Work item: Copy out the data below as written; omit any images.
Collected material section start
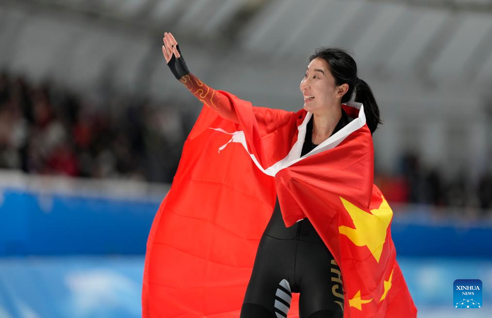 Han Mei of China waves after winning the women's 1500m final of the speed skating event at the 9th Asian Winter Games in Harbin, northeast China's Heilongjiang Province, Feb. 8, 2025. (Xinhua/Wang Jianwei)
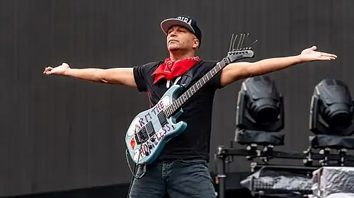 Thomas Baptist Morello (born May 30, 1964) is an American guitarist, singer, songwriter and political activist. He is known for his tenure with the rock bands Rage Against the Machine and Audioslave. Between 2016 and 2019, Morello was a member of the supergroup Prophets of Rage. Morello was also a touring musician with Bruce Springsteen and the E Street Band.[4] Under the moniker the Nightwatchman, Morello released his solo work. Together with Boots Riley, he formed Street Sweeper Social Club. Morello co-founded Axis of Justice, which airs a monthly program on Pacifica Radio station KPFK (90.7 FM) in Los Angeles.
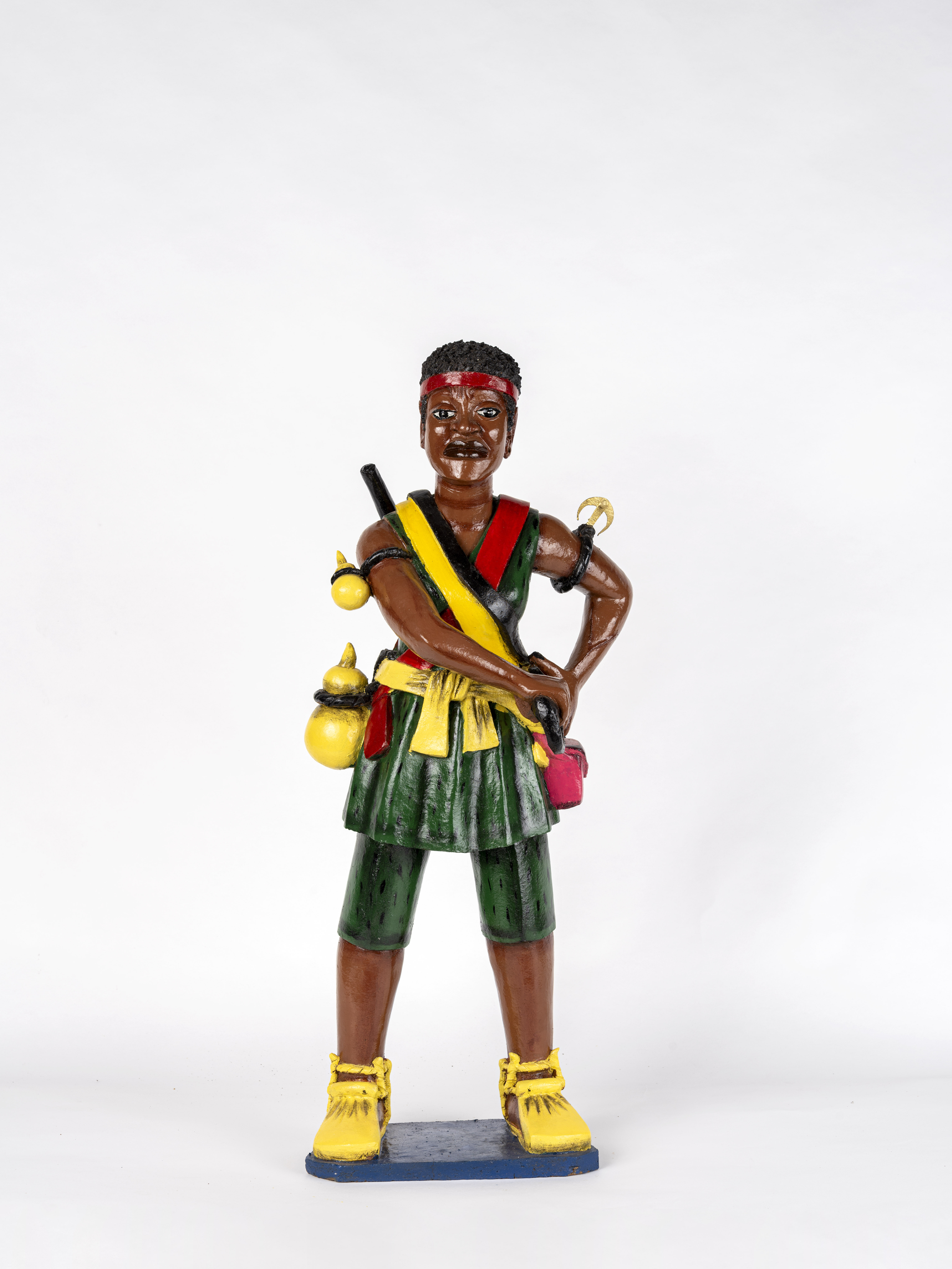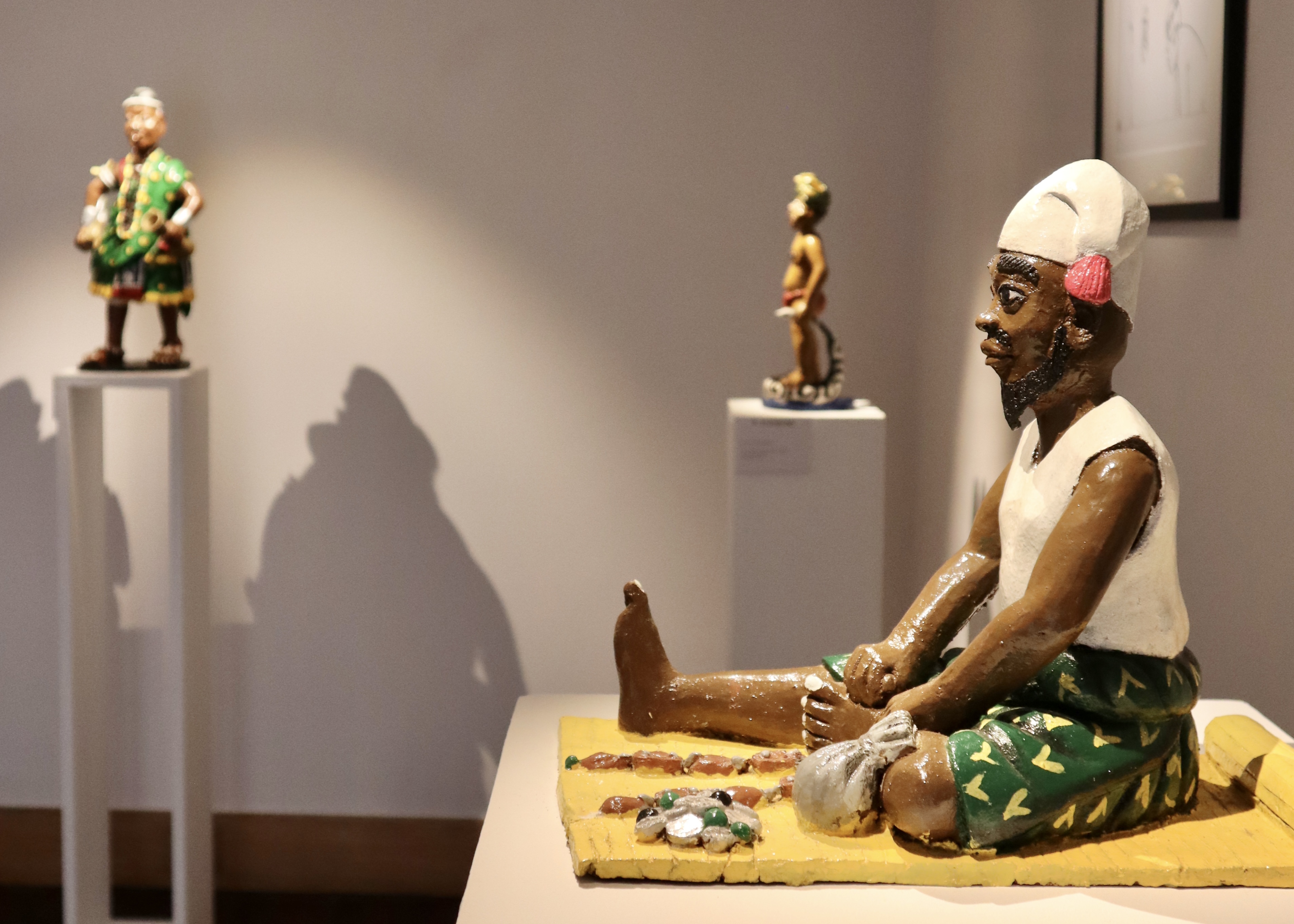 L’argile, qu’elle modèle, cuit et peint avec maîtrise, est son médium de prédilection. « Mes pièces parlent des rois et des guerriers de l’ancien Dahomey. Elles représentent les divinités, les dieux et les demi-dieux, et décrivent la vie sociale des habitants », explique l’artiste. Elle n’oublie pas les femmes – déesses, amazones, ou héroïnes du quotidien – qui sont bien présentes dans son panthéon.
Collected material section end
Solution to this problem:
 Han Mei of China waves after winning the women's 1500m final of the speed skating event at the 9th Asian Winter Games in Harbin, northeast China's Heilongjiang Province, Feb. 8, 2025. (Xinhua/Wang Jianwei)
 Thomas Baptist Morello (born May 30, 1964) is an American guitarist, singer, songwriter and political activist. He is known for his tenure with the rock bands Rage Against the Machine and Audioslave. Between 2016 and 2019, Morello was a member of the supergroup Prophets of Rage. Morello was also a touring musician with Bruce Springsteen and the E Street Band.[4] Under the moniker the Nightwatchman, Morello released his solo work. Together with Boots Riley, he formed Street Sweeper Social Club. Morello co-founded Axis of Justice, which airs a monthly program on Pacifica Radio station KPFK (90.7 FM) in Los Angeles.
 L’argile, qu’elle modèle, cuit et peint avec maîtrise, est son médium de prédilection. « Mes pièces parlent des rois et des guerriers de l’ancien Dahomey. Elles représentent les divinités, les dieux et les demi-dieux, et décrivent la vie sociale des habitants », explique l’artiste. Elle n’oublie pas les femmes – déesses, amazones, ou héroïnes du quotidien – qui sont bien présentes dans son panthéon.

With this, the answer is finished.